═══ EXERCISE MATERIALS ═══

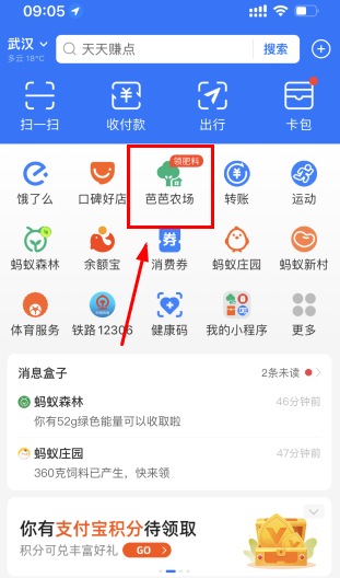 1,打开支付宝,点击【芭芭农场】进入;
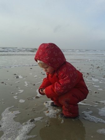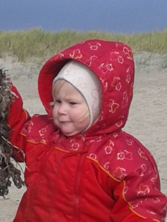 Efter morgenmaden gik vi os en god tur til vandet. En tur på godt 5 km., men hvor var det bare dejligt og blive luftet og blæst igennem nede på stranden.  Alma nød og lege med tang og sten i vandkanten og hvis hun kunne komme til det, løb hun en tur ud i vandet.
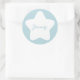 A customisable round sticker with cute, white stars on baby blue pastel background. The stickers are customisable so that you can edit them with your own name. The background colour is also customisable and can be changed to your liking.
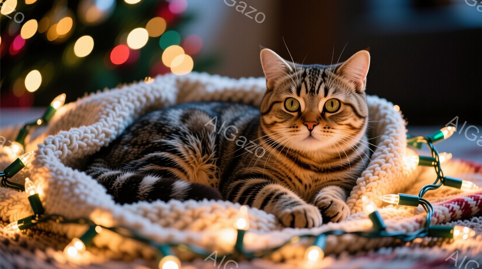 縞模様の猫が、白いフワフワとしたベッドに丸まってリラックスして横たわっています。猫は緑色の目を輝かせ、穏やかな表情をしています。背景には、ぼやけたクリスマスツリーと光る電飾があり、暖かく、居心地の良い雰囲気を醸し出しています。
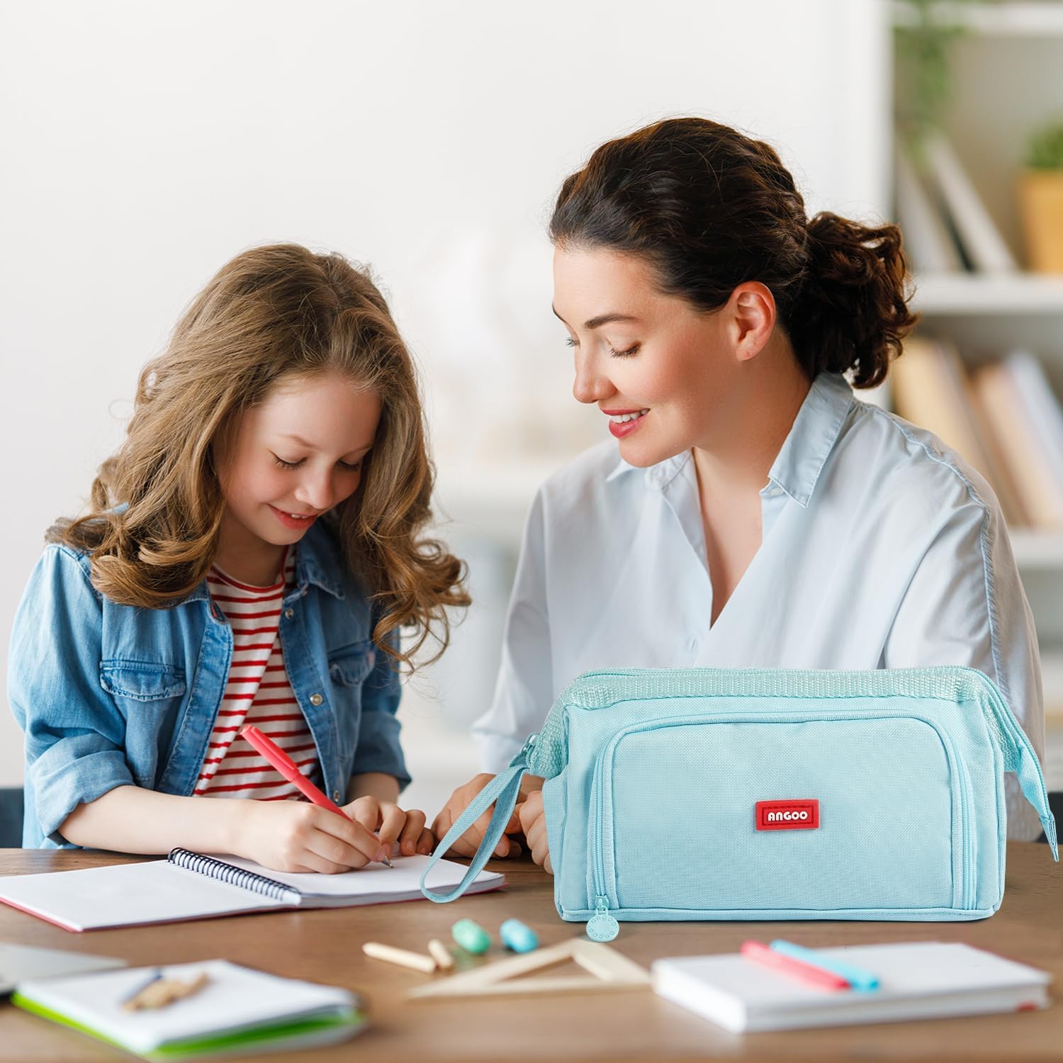 Pencil Case Pouch Large Capacity with Compartments, Pencil Case Pouch Bag with Zipper Handle for Teen Girls Boys Adults Women Men, Portable Pen Bag Stationery Organizer for Office School Travel, Blue
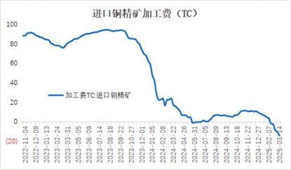 需要特别注意的是,彼时代表铜精矿加工费的SMM进口铜精矿指数还在15.29美元/吨(截至2024年3月8日),而截至2025年3月7日,该指数已经跌至-15.83美元/吨。
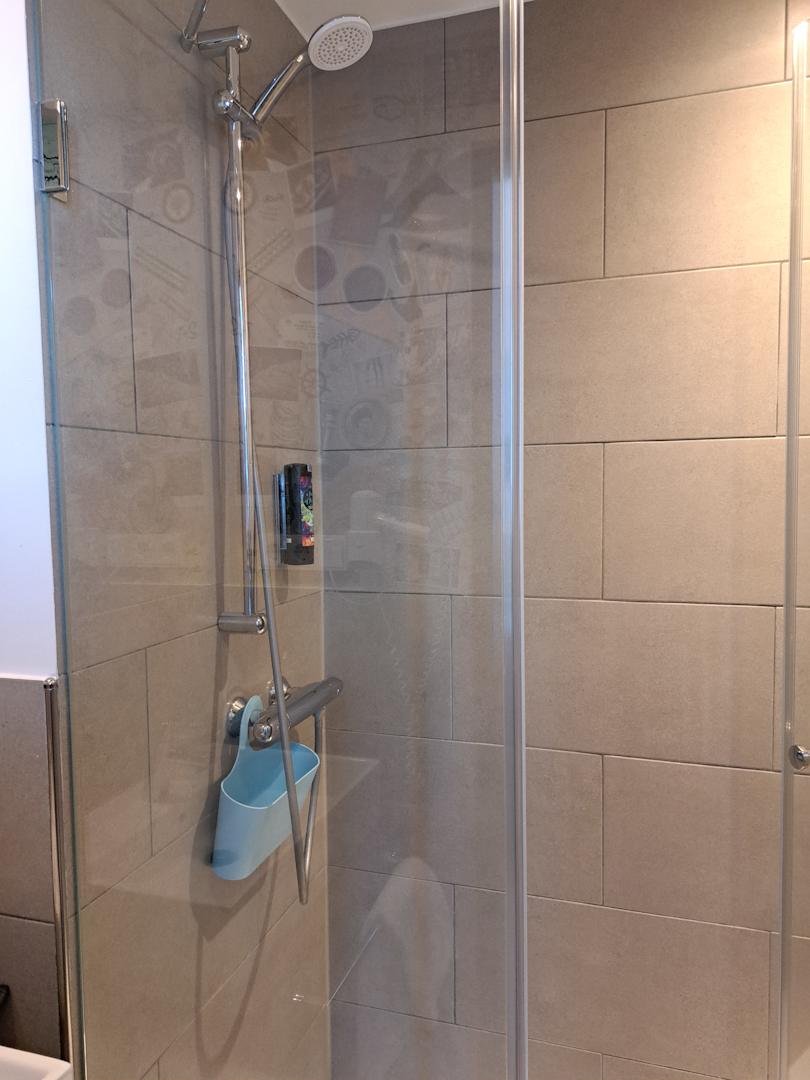 Dusche geräumig mit Shampoo und weichen Badetüchern
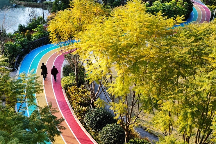 “以前只能在小区里转一转,现在好啦,可以带着孙子到公园里锻炼身体,呼吸新鲜空气!”跟老郭带着老伴散步健身不同,雷依姆带的是4岁的孙子凯凯,他们一路在郊野福道的彩虹步道游玩,这样的遛娃方式让她很是惬意。
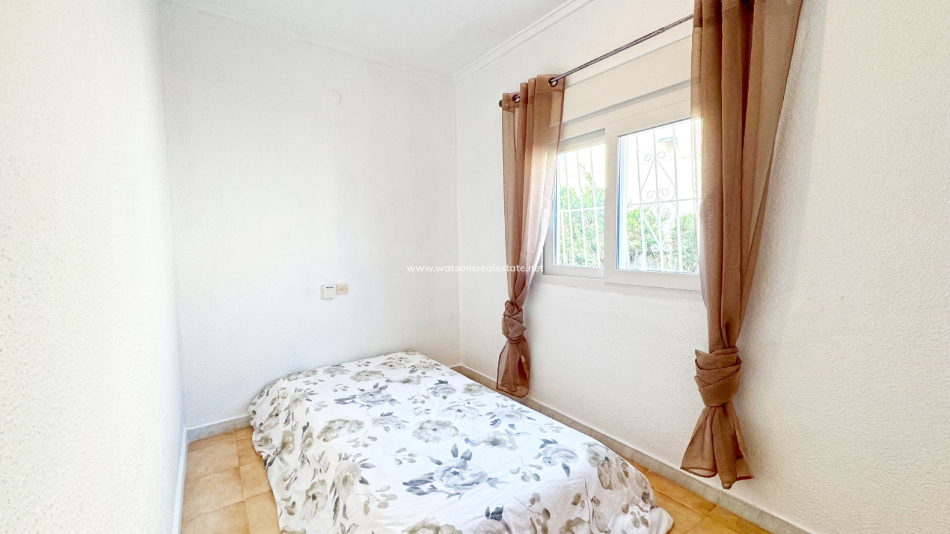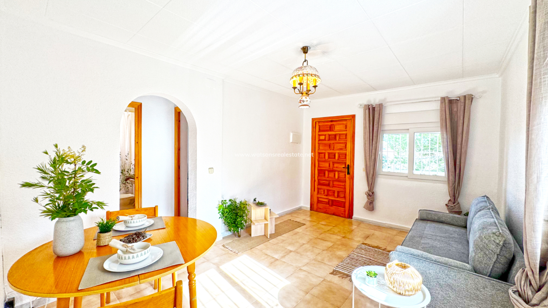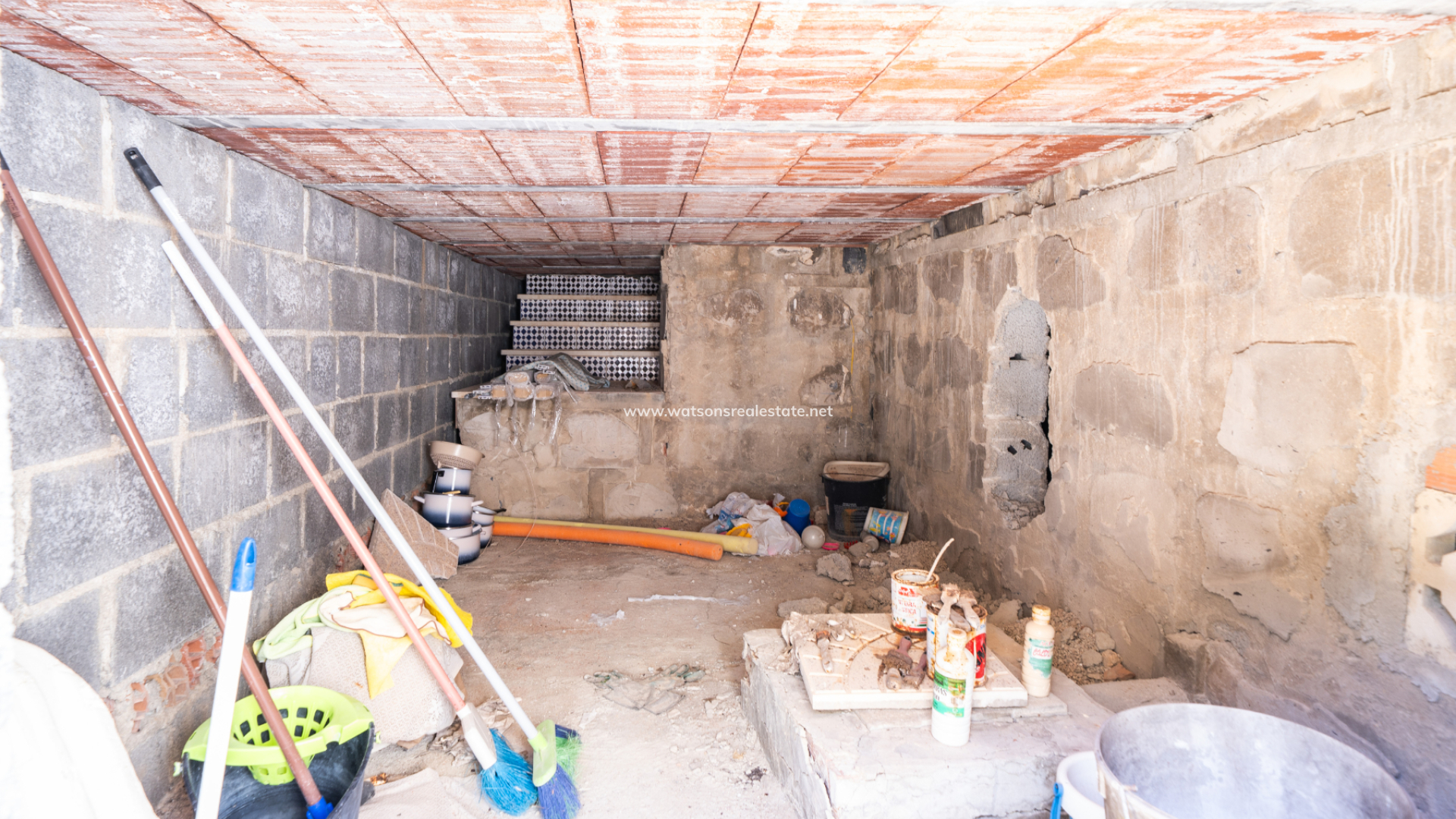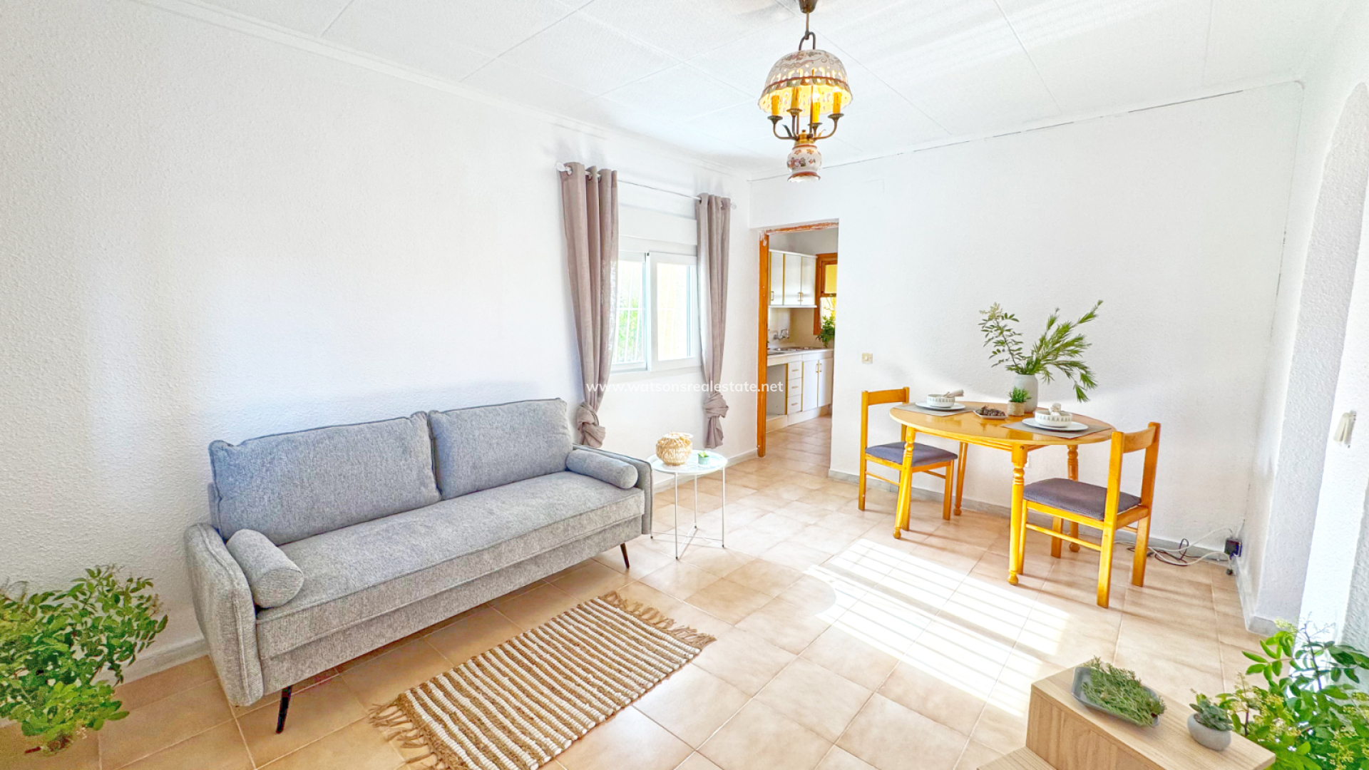 De woning profiteert van een verhoogd achterterras en een overdekte veranda met balustrades. Dit gedeelte biedt niet alleen een heerlijke plek om te zitten en te ontspannen, maar ook praktische bergruimte eronder. Vanaf het terras geniet u van uitzicht richting Guardamar del Segura.
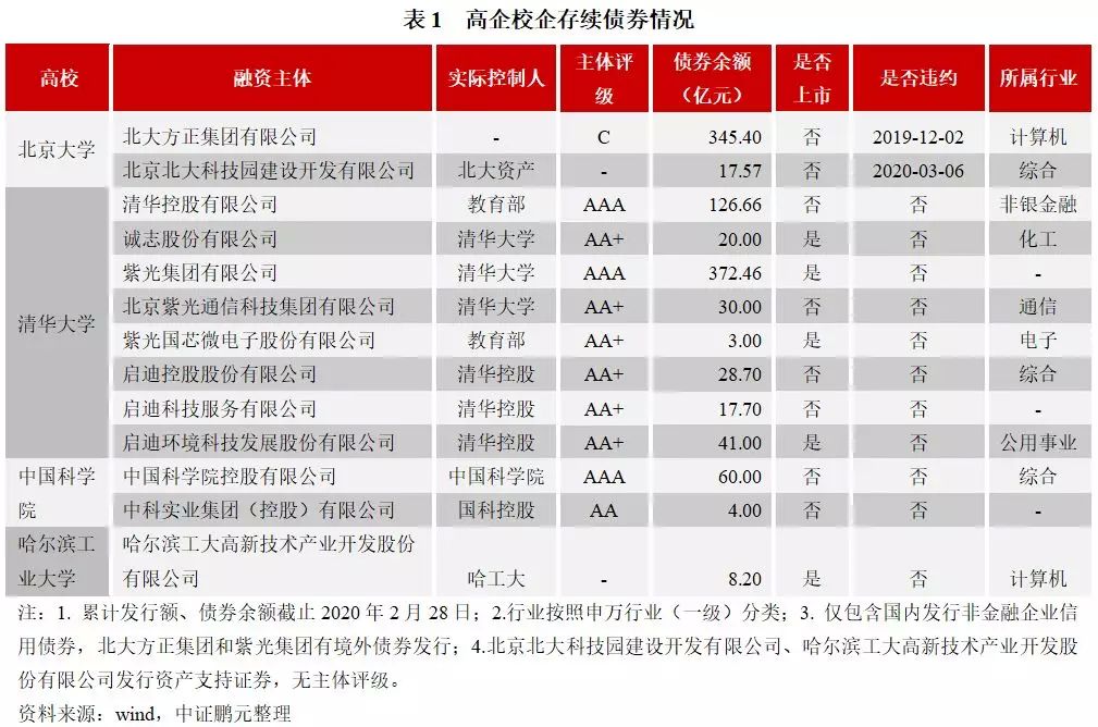 高校企业债券融资现状:校办(控股或参股)上市实体以股权融资为主进行,债务融资的主体仅有13家,其中北大(2家)、清华(8家)、中科院(2家),哈工大(1家)等4所高校的校办企业,其中主要为清华系企业。
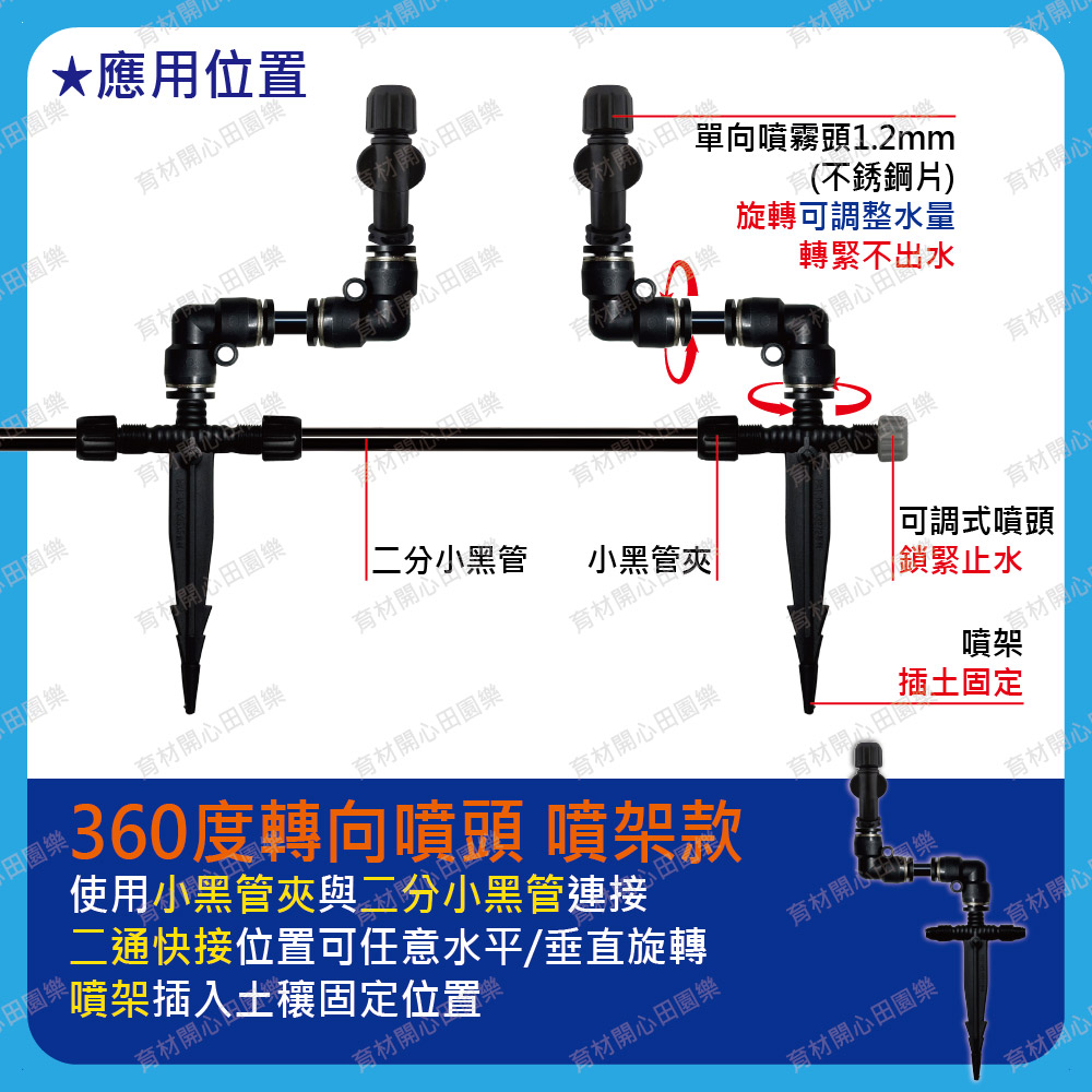 用噴架串接,可直接插入盆栽使用小黑管夾+可調式噴頭(末端止水用)

═══

**WHAT YOU HAVE TO DO:**
When repeating the entries, leave out every picture and keep the rest exact.

**RESPONSE:**
 1,打开支付宝,点击【芭芭农场】进入;
 Efter morgenmaden gik vi os en god tur til vandet. En tur på godt 5 km., men hvor var det bare dejligt og blive luftet og blæst igennem nede på stranden.  Alma nød og lege med tang og sten i vandkanten og hvis hun kunne komme til det, løb hun en tur ud i vandet.
 A customisable round sticker with cute, white stars on baby blue pastel background. The stickers are customisable so that you can edit them with your own name. The background colour is also customisable and can be changed to your liking.
 縞模様の猫が、白いフワフワとしたベッドに丸まってリラックスして横たわっています。猫は緑色の目を輝かせ、穏やかな表情をしています。背景には、ぼやけたクリスマスツリーと光る電飾があり、暖かく、居心地の良い雰囲気を醸し出しています。
 Pencil Case Pouch Large Capacity with Compartments, Pencil Case Pouch Bag with Zipper Handle for Teen Girls Boys Adults Women Men, Portable Pen Bag Stationery Organizer for Office School Travel, Blue
 需要特别注意的是,彼时代表铜精矿加工费的SMM进口铜精矿指数还在15.29美元/吨(截至2024年3月8日),而截至2025年3月7日,该指数已经跌至-15.83美元/吨。
 Dusche geräumig mit Shampoo und weichen Badetüchern
 “以前只能在小区里转一转,现在好啦,可以带着孙子到公园里锻炼身体,呼吸新鲜空气!”跟老郭带着老伴散步健身不同,雷依姆带的是4岁的孙子凯凯,他们一路在郊野福道的彩虹步道游玩,这样的遛娃方式让她很是惬意。
 De woning profiteert van een verhoogd achterterras en een overdekte veranda met balustrades. Dit gedeelte biedt niet alleen een heerlijke plek om te zitten en te ontspannen, maar ook praktische bergruimte eronder. Vanaf het terras geniet u van uitzicht richting Guardamar del Segura.
 高校企业债券融资现状:校办(控股或参股)上市实体以股权融资为主进行,债务融资的主体仅有13家,其中北大(2家)、清华(8家)、中科院(2家),哈工大(1家)等4所高校的校办企业,其中主要为清华系企业。
 用噴架串接,可直接插入盆栽使用小黑管夾+可調式噴頭(末端止水用)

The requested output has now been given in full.